Saved data entries
━━━━━━━━━━

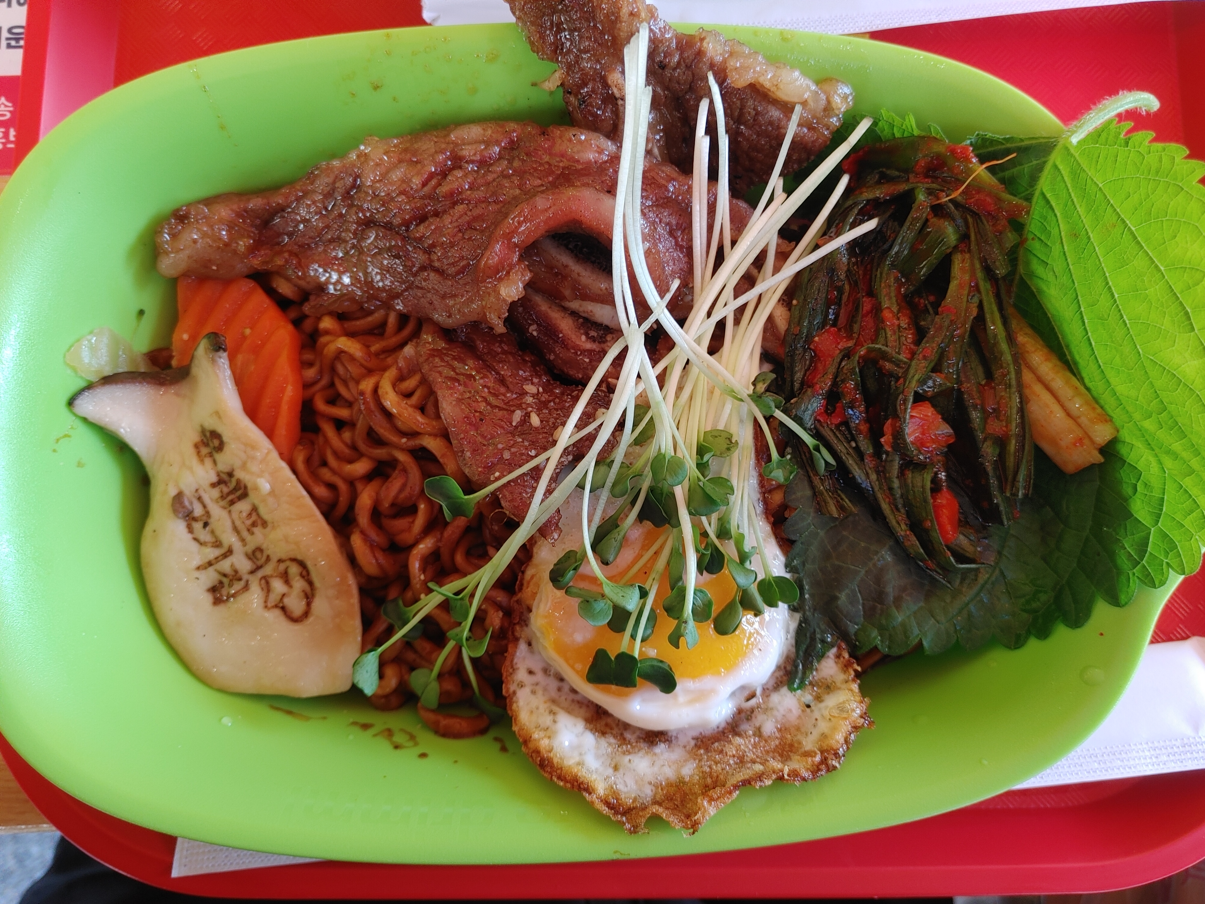 우선, 꿀배LA갈비 짜장라면은 짜파게티 위에 고기와 파김치, 깻잎 한 장, 계란, 버섯, 당근을 올린 거였습니다. 고기가 나름 많이 올라가 있어서 9000원이 크게 비싸다는 느낌은 없었습니다만 한우 대창 야끼 라면은 대창이 비싸서 그런 건지 너무 조금만 올라가 있어서 가성비가 별로라는 인상을 받았습니다. 치즈&주먹밥 라볶이는 김밥나라에서 간단하게 먹을 수 있는 떡볶이 양념 기반이었는데요. 행사장에서 먹을 때도 같은 생각이었지만 요리가 수준이 높다라는 느낌보다는 라면 자체가 맛있다는 인상을 받았습니다. 확실히, 갓 튀긴 라면은 면의 탄력부터 만든 지 오래된 것과는 결이 달랐습니다.
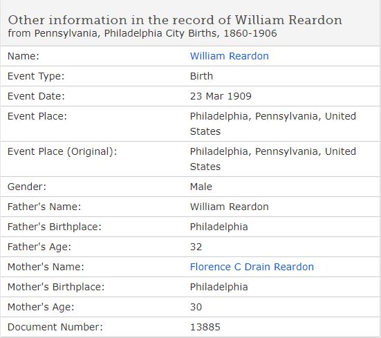William John Reardon Born March 23, 1909 Philadelphia, PA
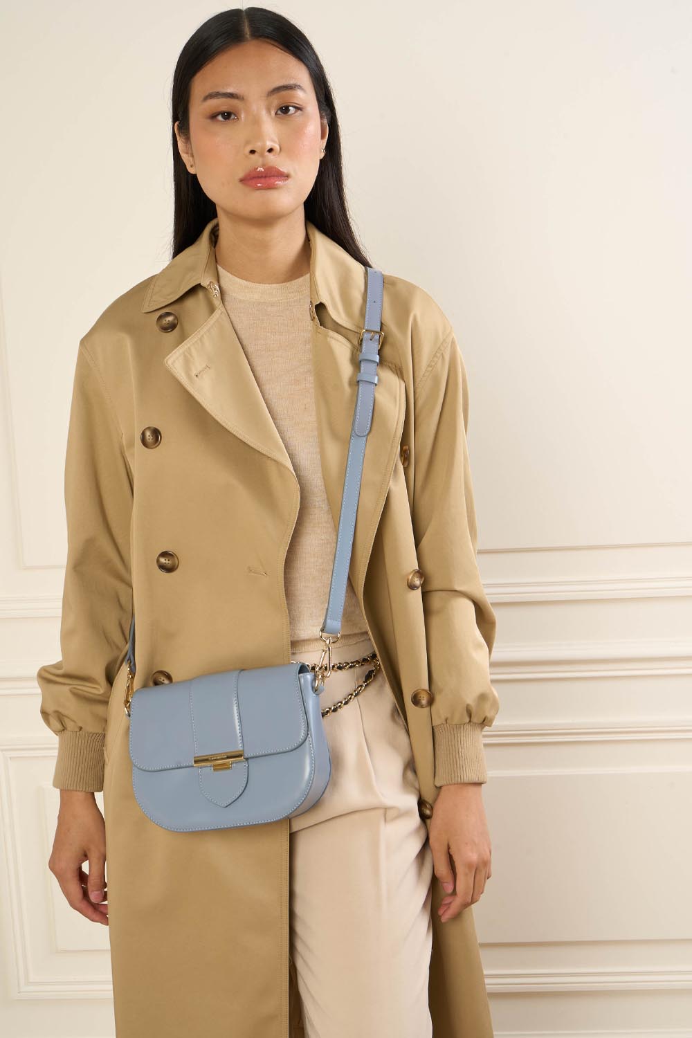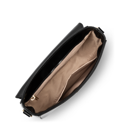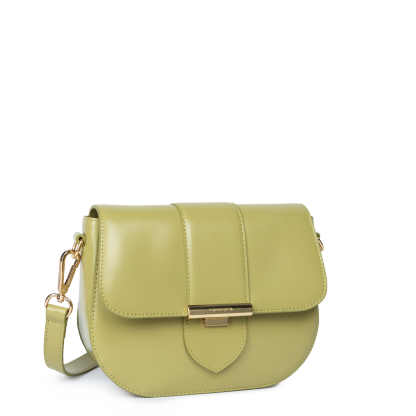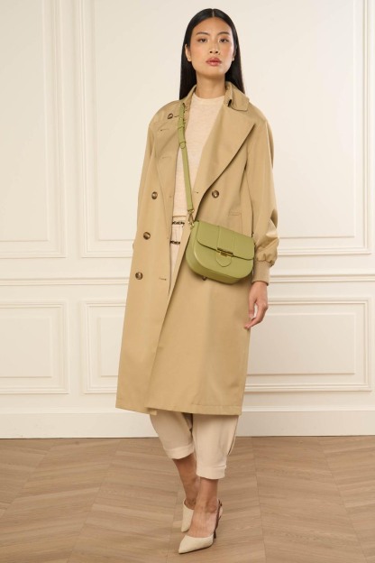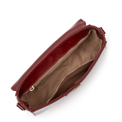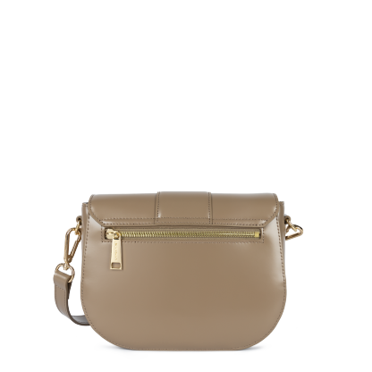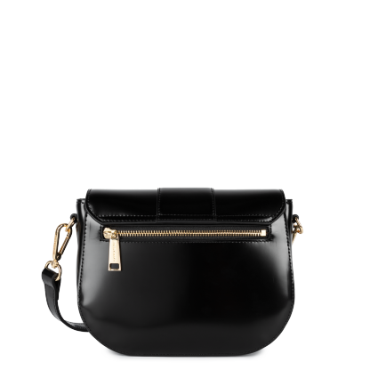 Ce petit sac trotteur est confectionné de cuir de vachette lisse. Il possède un rabat avec fermoir, une poche extérieure zippée, une poche intérieure zippée ainsi qu'une poche intérieure simple. Il se porte à l'épaule ou croisé.
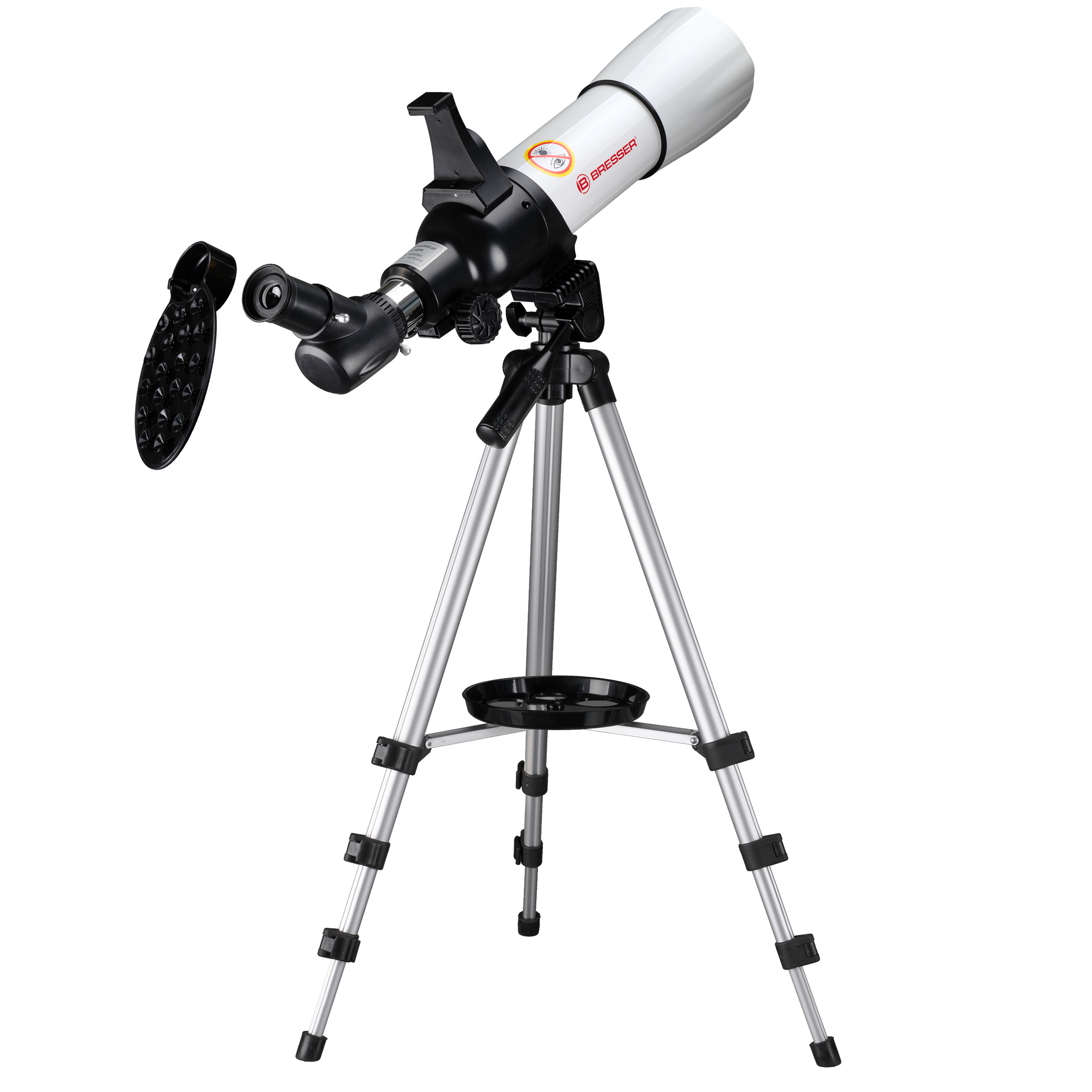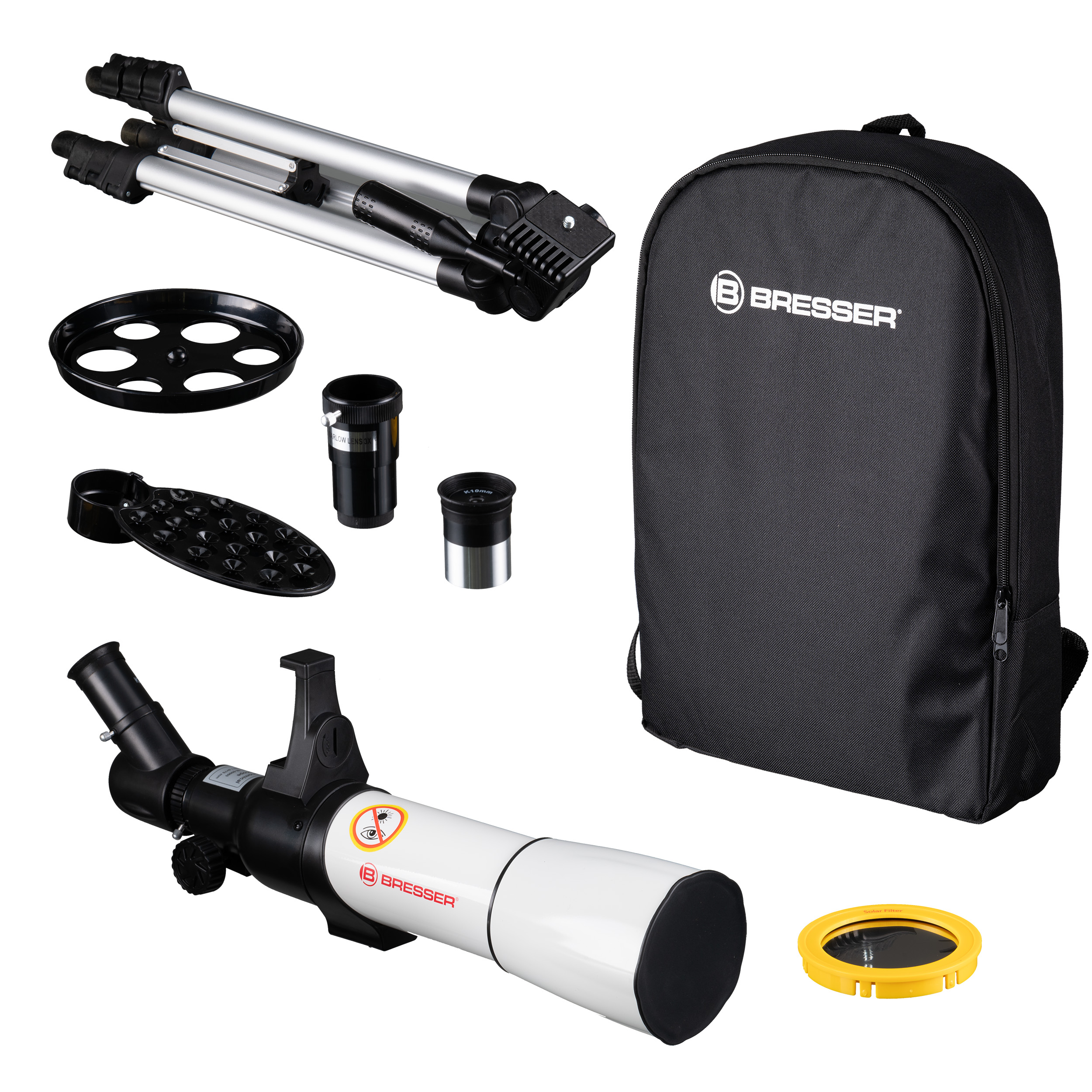 BRESSER SpaceRacer 70/400 je začiatočnícky achromatický refraktor, navrhnutý pre jednoduché a zábavné astronomické aj pozemské pozorovania. Optika s priemerom 70 mm a ohniskovou dĺžkou 400 mm poskytuje jasné a kontrastné obrazy Mesiaca, planét (prstence Saturna, mesiace Jupitera), hviezdokôp ako Plejády, ako aj Slnka pri použití dodaného objektívového slnečného filtra. Vďaka integrovanej aplikácii rozšírenej reality (AR) so smartfónom je vyhľadávanie súhvezdí a objektov intuitívne a vzdelávacie. Jednoduchá azimutálna montáž, držiak na smartfón a kompaktný batoh robia z tohto teleskopu ideálnu voľbu pre mladých astronómov a rodiny, ktoré začínajú s pozorovaním nočnej oblohy.
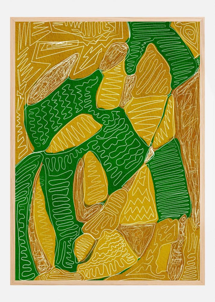 Denna print är ett utmärkt val för att lysa upp ett rum och skapa visuell intresse. De vita detaljerna ger djup och kontrast till de varma gula och gröna tonerna, vilket ger affischen ett unikt uttryck. Perfekt för ett modernt eller eklektiskt hem, denna poster blir snabbt en konversationsstartare med sin levande och energiska design.
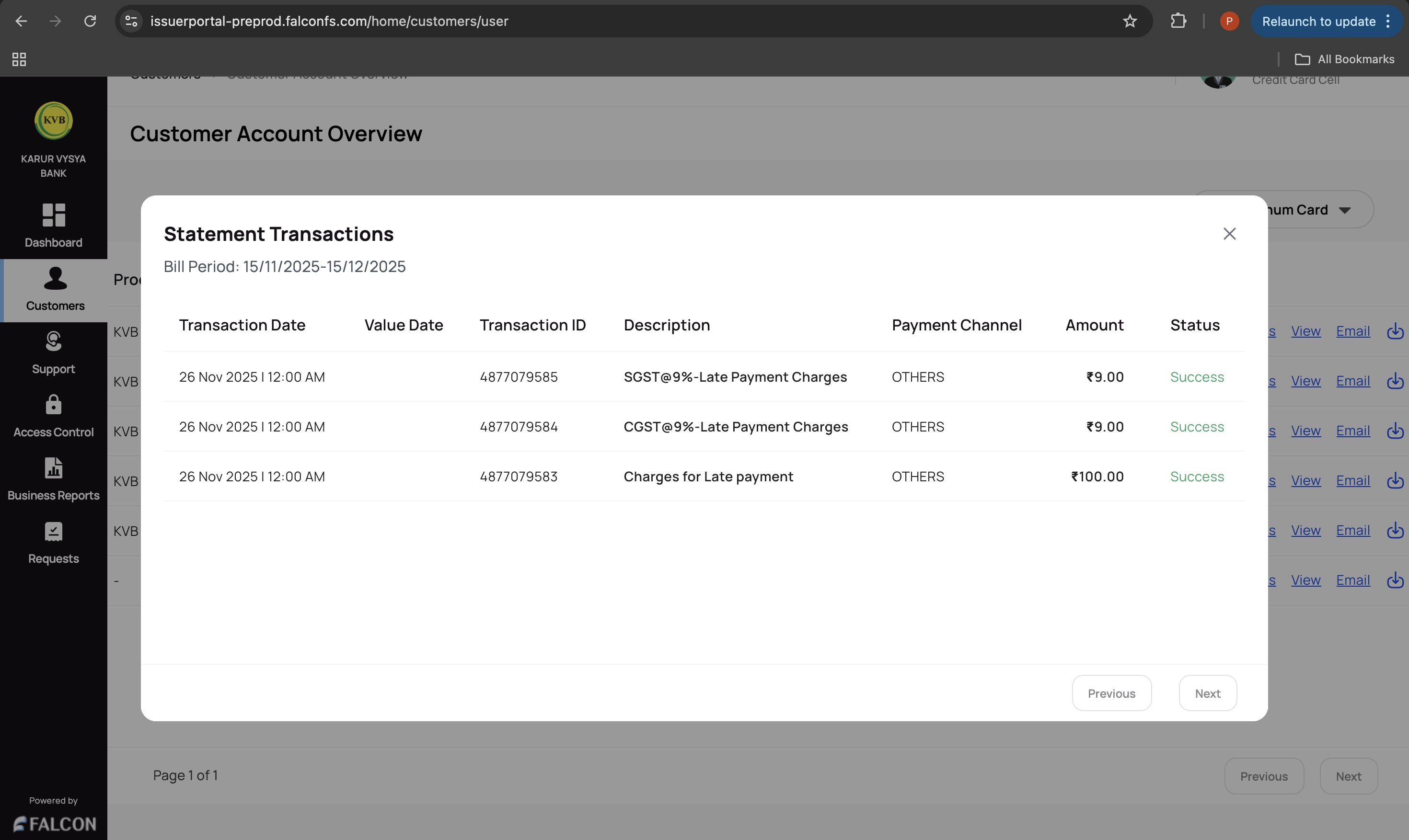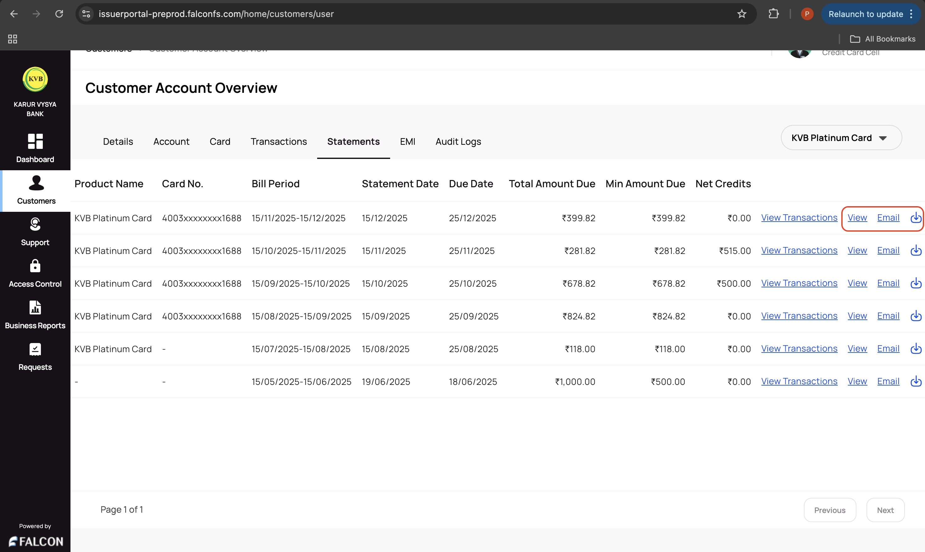 Go to the Statements tab and click View Transactions against a particular statement to view a list of transactions.

━━━━━━━━━━

• [Task to carry out]
Without including any picture, repeat the data exactly.

• [Answer area]
 우선, 꿀배LA갈비 짜장라면은 짜파게티 위에 고기와 파김치, 깻잎 한 장, 계란, 버섯, 당근을 올린 거였습니다. 고기가 나름 많이 올라가 있어서 9000원이 크게 비싸다는 느낌은 없었습니다만 한우 대창 야끼 라면은 대창이 비싸서 그런 건지 너무 조금만 올라가 있어서 가성비가 별로라는 인상을 받았습니다. 치즈&주먹밥 라볶이는 김밥나라에서 간단하게 먹을 수 있는 떡볶이 양념 기반이었는데요. 행사장에서 먹을 때도 같은 생각이었지만 요리가 수준이 높다라는 느낌보다는 라면 자체가 맛있다는 인상을 받았습니다. 확실히, 갓 튀긴 라면은 면의 탄력부터 만든 지 오래된 것과는 결이 달랐습니다.
William John Reardon Born March 23, 1909 Philadelphia, PA
 Ce petit sac trotteur est confectionné de cuir de vachette lisse. Il possède un rabat avec fermoir, une poche extérieure zippée, une poche intérieure zippée ainsi qu'une poche intérieure simple. Il se porte à l'épaule ou croisé.
 BRESSER SpaceRacer 70/400 je začiatočnícky achromatický refraktor, navrhnutý pre jednoduché a zábavné astronomické aj pozemské pozorovania. Optika s priemerom 70 mm a ohniskovou dĺžkou 400 mm poskytuje jasné a kontrastné obrazy Mesiaca, planét (prstence Saturna, mesiace Jupitera), hviezdokôp ako Plejády, ako aj Slnka pri použití dodaného objektívového slnečného filtra. Vďaka integrovanej aplikácii rozšírenej reality (AR) so smartfónom je vyhľadávanie súhvezdí a objektov intuitívne a vzdelávacie. Jednoduchá azimutálna montáž, držiak na smartfón a kompaktný batoh robia z tohto teleskopu ideálnu voľbu pre mladých astronómov a rodiny, ktoré začínajú s pozorovaním nočnej oblohy.
 Denna print är ett utmärkt val för att lysa upp ett rum och skapa visuell intresse. De vita detaljerna ger djup och kontrast till de varma gula och gröna tonerna, vilket ger affischen ett unikt uttryck. Perfekt för ett modernt eller eklektiskt hem, denna poster blir snabbt en konversationsstartare med sin levande och energiska design.
 Go to the Statements tab and click View Transactions against a particular statement to view a list of transactions.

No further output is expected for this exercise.